Departments of Medical Biochemistry [A. N., K. M., M. Ot., M. On., M. K.], Anatomical Pathology [T. M., M. T.], and Urology [S. N.], Graduate School of Medical Sciences, Kyushu University, Fukuoka 812-8582, Japan; Department of Molecular Biology, University of Occupational and Environmental Health, Kitakyushu 807-8555, Japan [K. K.]; and Department of Urology, Kochi Medical School, Kochi 783-8505, Japan [T. S.]
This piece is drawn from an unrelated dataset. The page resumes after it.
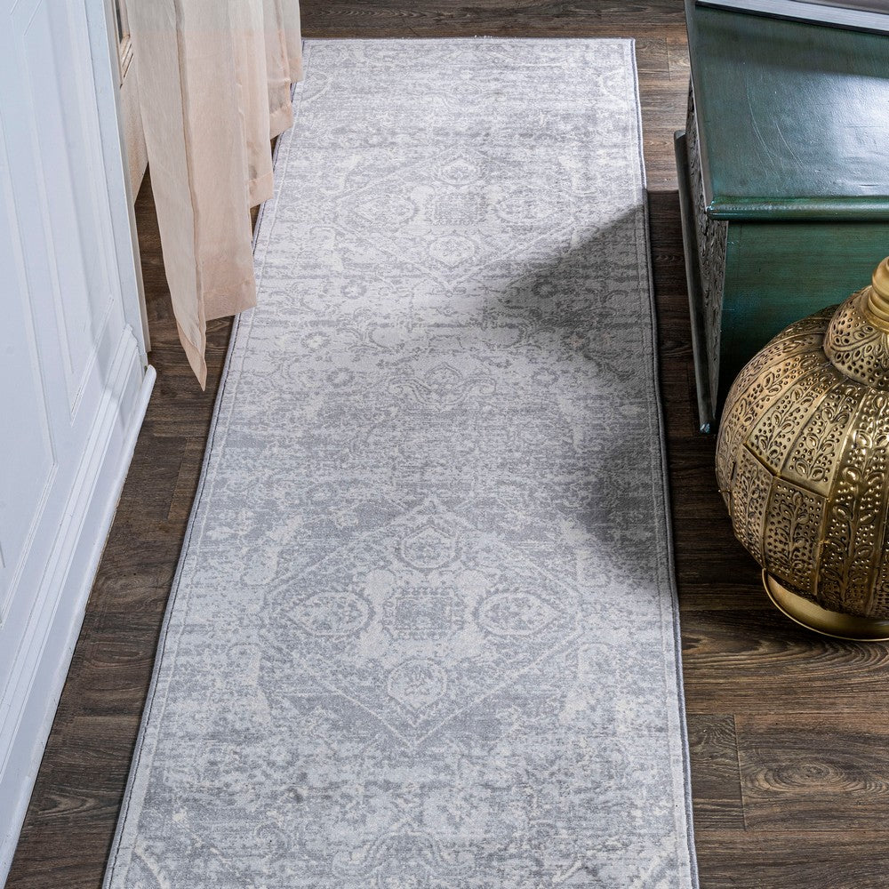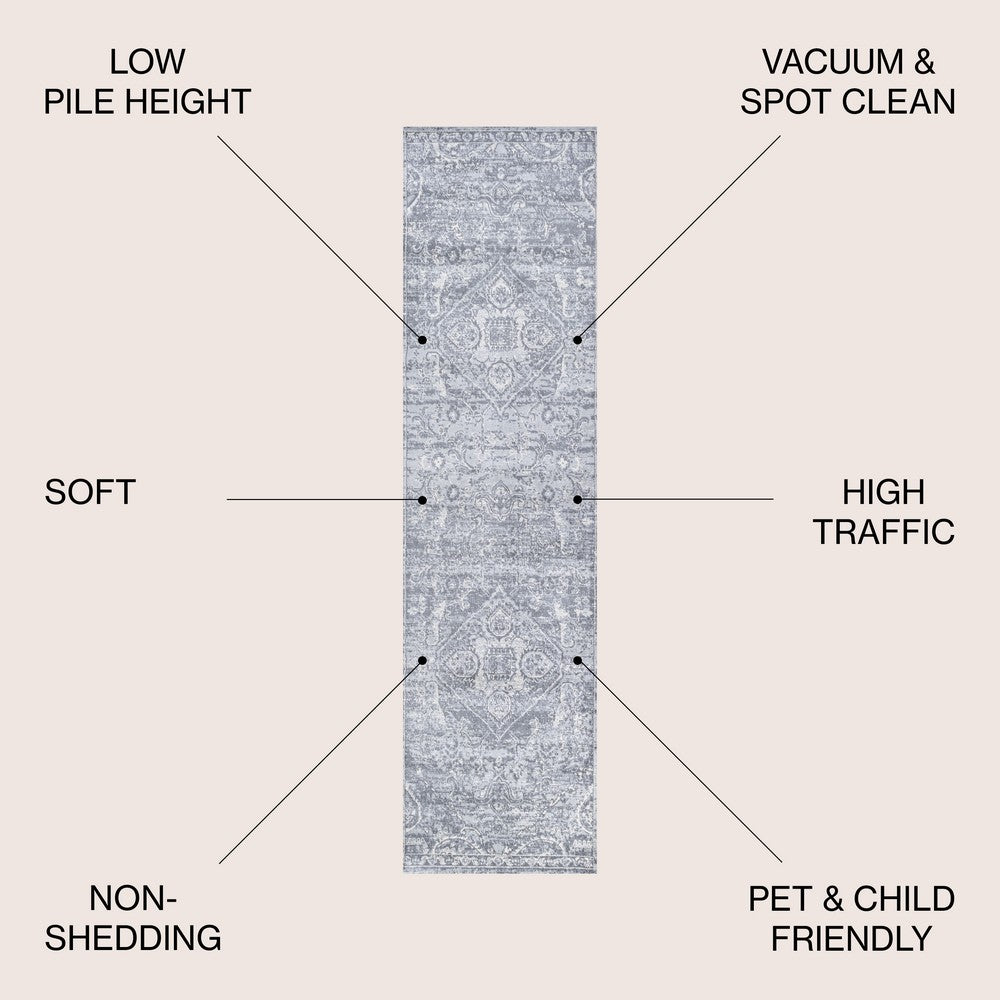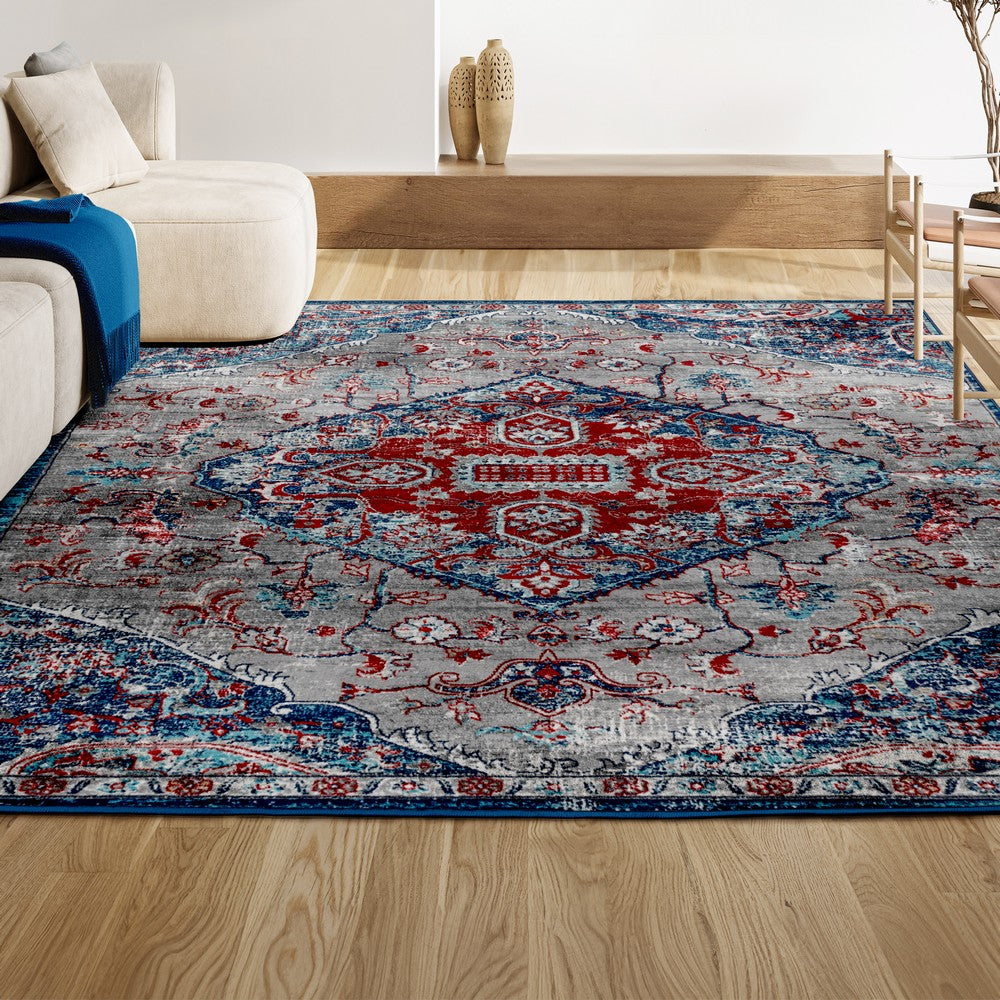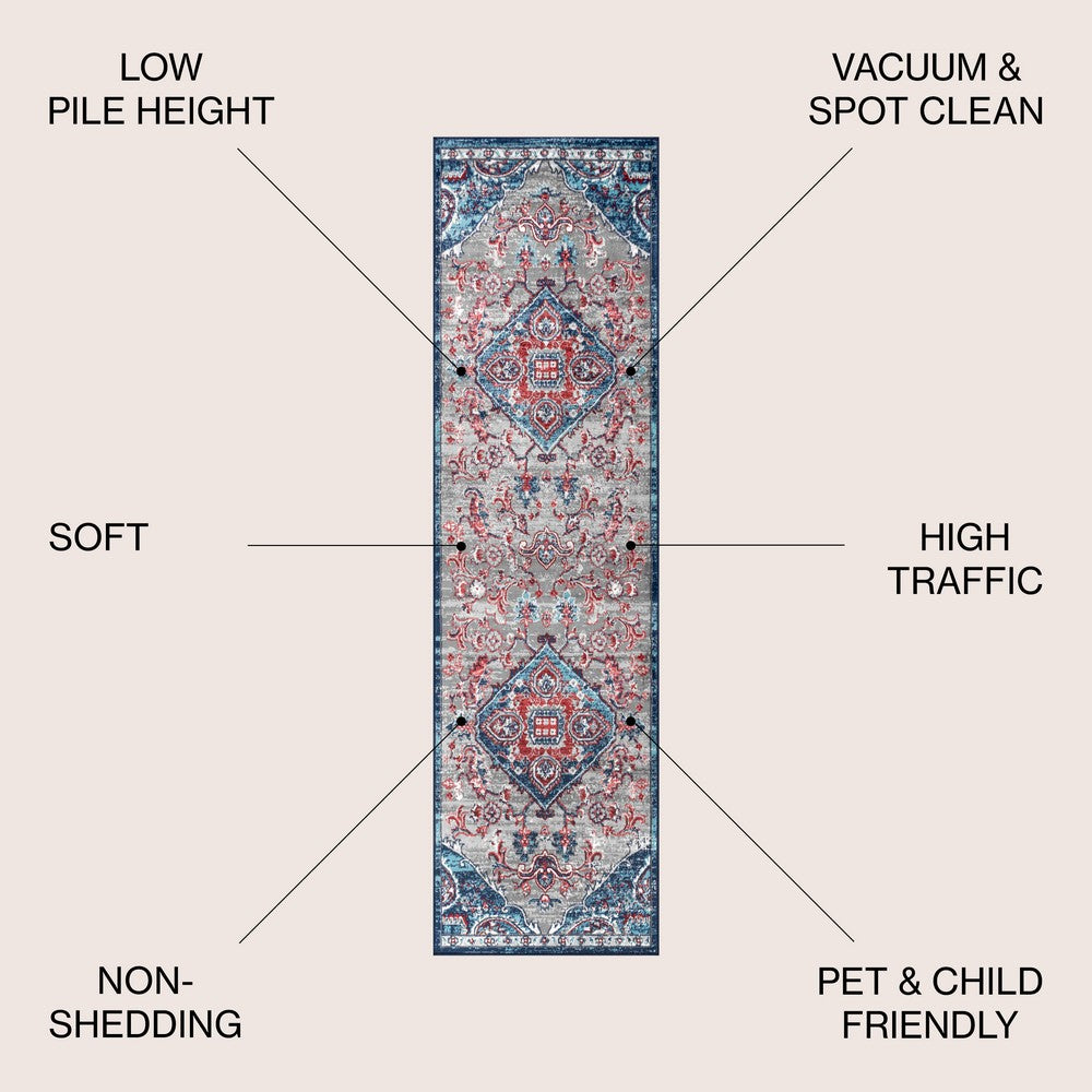 - Combining tones of gray, pink, red, and blue, this rug is a versatile addition to any color scheme

We used suppression subtractive hybridization to identify highly expressed genes in the cancerous region of human renal cell carcinoma (RCC) compared with noncancerous tissue. Nine genes were identified to show increased expression in the cancerous region compared with the noncancerous region. The nine genes included thymosin ß4, secreted protein acidic and rich in cysteine (SPARC), Cap43, ceruloplasmin, serum amyloid A, osteopontin, heat shock protein 90 (HSP90), LOT1, and casein kinase I. Of these 9 genes, in situ hybridization with 10 clinical samples consistently showed a strong expression of Cap43 mRNA in infiltrating macrophages in RCCs, but not in cancer cells proliferating in an alveolar pattern. However, Cap43 mRNA was also apparently detected in epithelial cells of the renal proximal tubuli in noncancerous tissue. The higher expression of the Cap43 gene in the cancerous region of RCCs appears to depend on macrophage infiltration. Moreover, treatment with phorbol ester resulted in enhanced expression of the Cap43 gene in human monocytic cells in vitro. The expression of the Cap43 gene in infiltrating macrophages is discussed in association with the differentiated or activated status of monocyte/macrophage.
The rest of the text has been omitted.